Extraordinary items were a significant issue with 2014 tax year returns, as partnerships attempted to deal with tax code Section 481(a) adjustments (adjustments for changes in accounting methods) in relation to the tangible property regulations, Greenwald said.
Previously all 481(a) adjustments were extraordinary items, but it appears that under the new rules they won't all be treated that way. It will just be those that are initiated after a variation occurs, he said.
Grace pointed to another positive aspect in the final rules—a flow chart, or decision tree, that will help users allocate items. He said this step-by-step road map will make it easier for a broad range of users to understand them.
However, on the extraordinary items, Grace said the requirement that the partnership allocate extraordinary items among partners in proportion to their interests in that item at the time of the day on which the item occurred, is “taking a step backward from the 2009 regulations and will prove difficult to comply with.” The 2009 rules allowed partnerships to allocate items at the beginning of the calendar day.
“Partnerships transactions involve multiple steps, and practitioners are always trying to figure out the order we want them to occur, but it's very rare that anyone is sitting around saying ‘we want to make sure step B occurs at 2 p.m.,'” he said.
Proposed Rule De Minimis Exception
That issue of timing occurs under both the final and the proposed rules, Grace said.

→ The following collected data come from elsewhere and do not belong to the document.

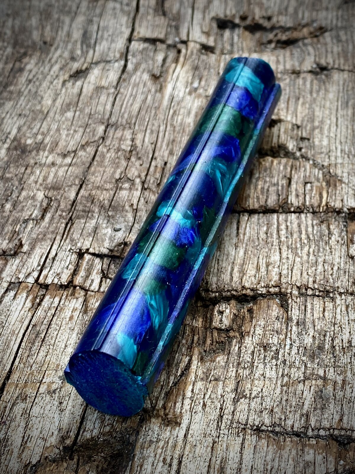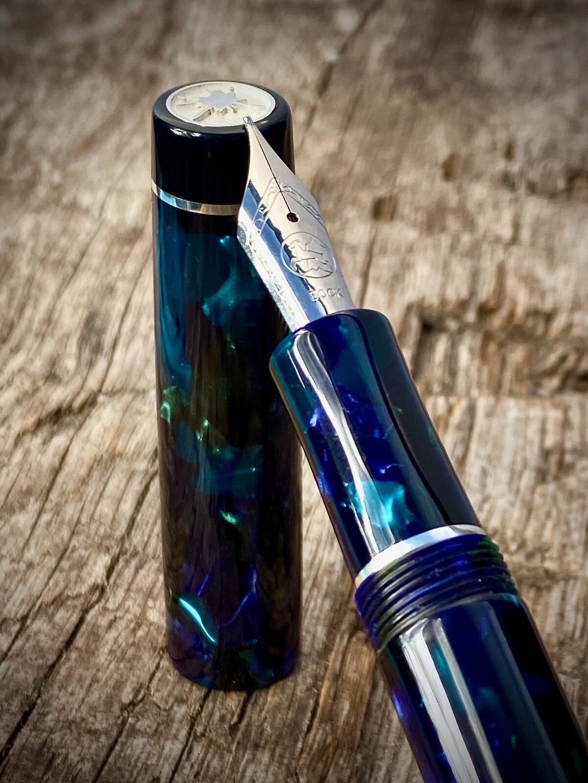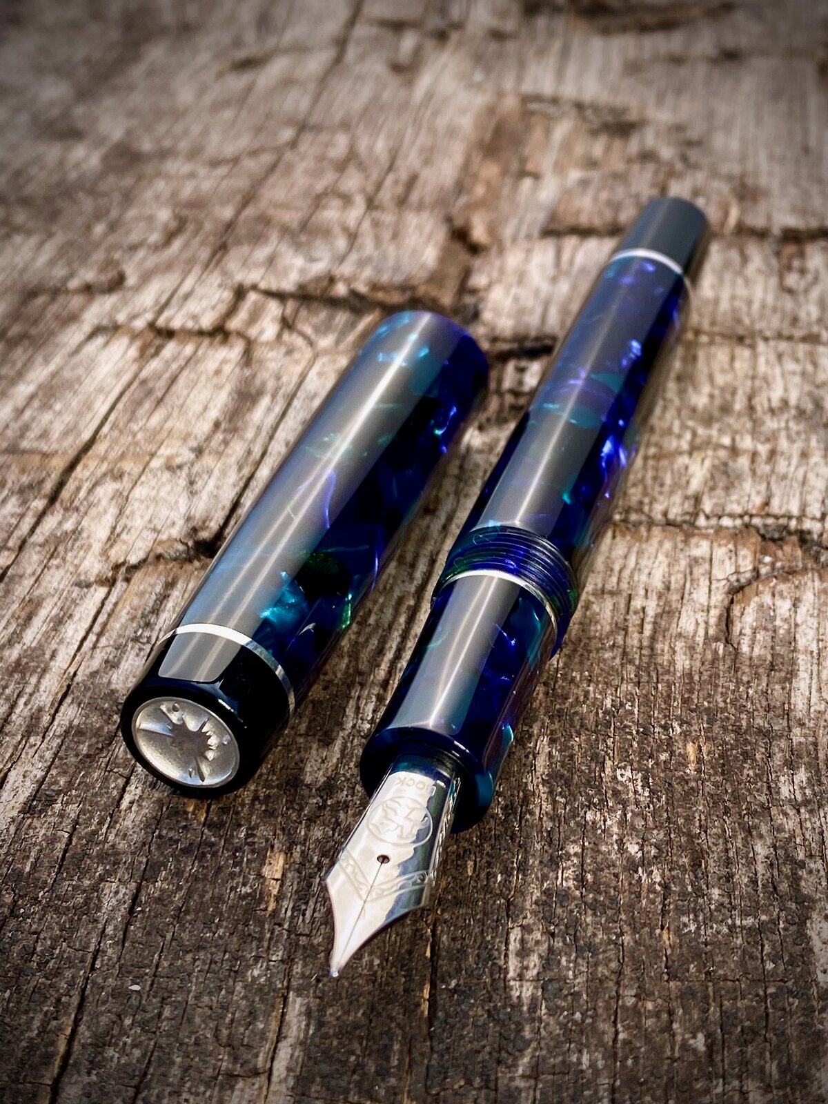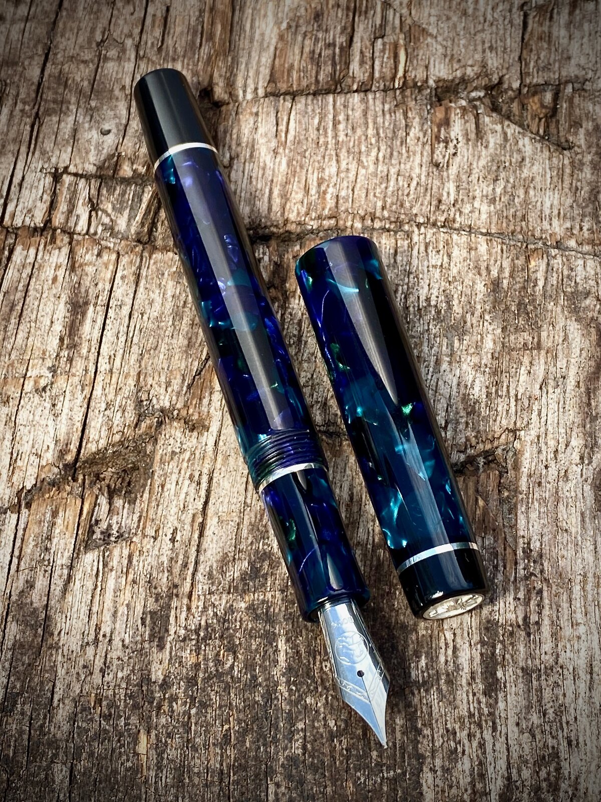 As a follow up to may previous post here is a slightly different coloured pattern in the same Mazzucchelli Ceboplast material. This one is referred to as Sapphire Dream / Sogno Zaffiro. I found out the other day that, apparently, these are not the names that the Mazzucchelli company gave to the materials, but rather a chap in the UK who made/makes pens from them started calling them these names to help distinguish between them and they've stuck. I am happy to be corrected on this if anybody knows more.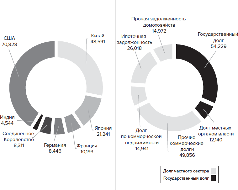 Мировой долг сконцентрирован всего в двух странах: США и Китае. Часть долга, приходящегося на частный сектор, в значительной степени состоит из долгов по недвижимости. На рис. 0.2 показаны относительные величины общего долга стран «Большой семерки», а также относительные виды задолженностей – государственный долг по сравнению с ключевыми категориями частного сектора, например коммерческими долгами и задолженностями домохозяйств[5].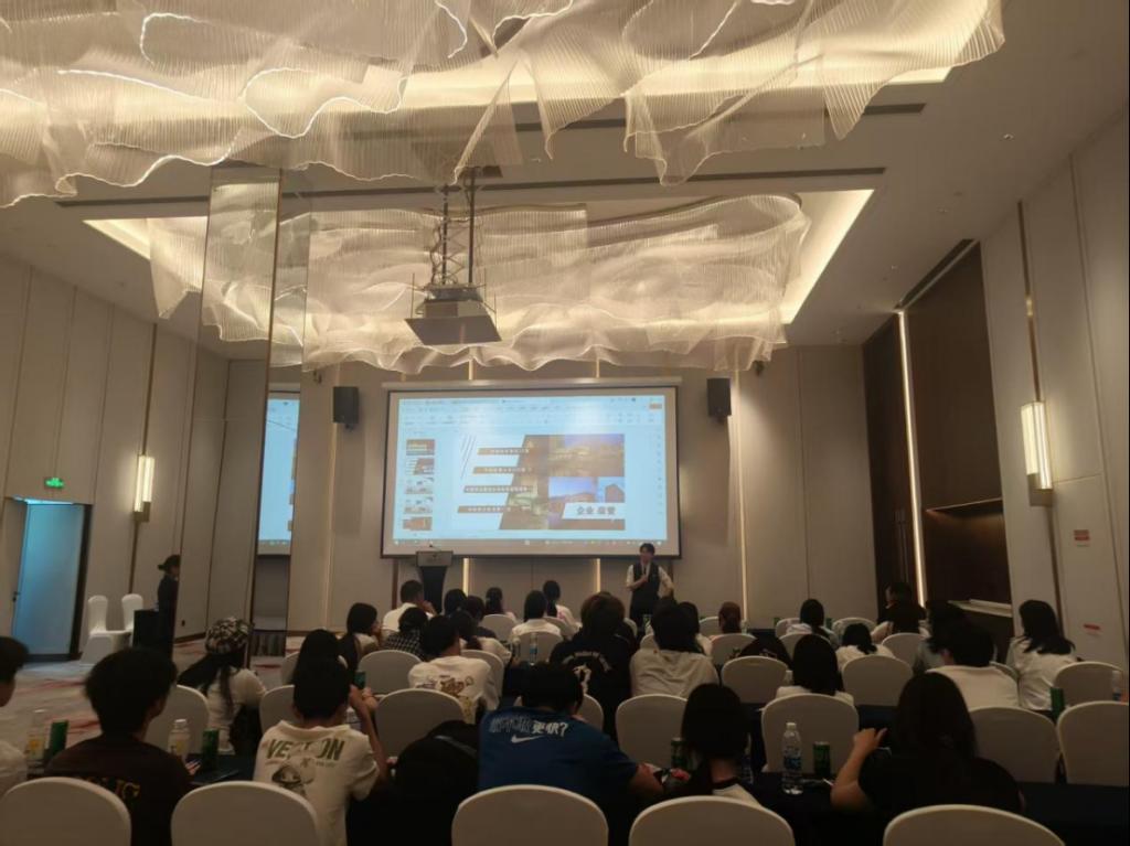 23级优秀实习生陈洋学长的朋辈分享则拉近了理论与实践的距离。他结合自身在酒店的实习经历,从岗位适应、技能提升、跨部门协作等实际问题切入,生动解读了开元集团的人才培养体系如何助力实习生成长,并针对新生关心的职业规划给出具体建议,鼓励学弟学妹们夯实专业基础、主动拥抱实践。

The final rules adopt, with changes, the 2009 rules, whereas the proposed rules are entirely new guidance under certain subsections of Section 706.
The proposed rules interpret Section 706(d)(2) and 706(d)(3), Grace said. The proposed rules deal with the topic of allocating cash-basis items. They cover it from a general perspective for all partnerships and apply special rules for an upper-tier partnership owning an interest in a lower-tier partnership.
The upper-tier/lower-tier part of the rules includes a de minimis exception that isn't in the tax code, making it appear to be a rule of administrative convenience that practitioners will welcome, Grace said. There are also several examples that coordinate with partnership special basis adjustments, under Section 734(b) and 743(b).
The final and proposed rules are set to appear in the Federal Register Aug. 3.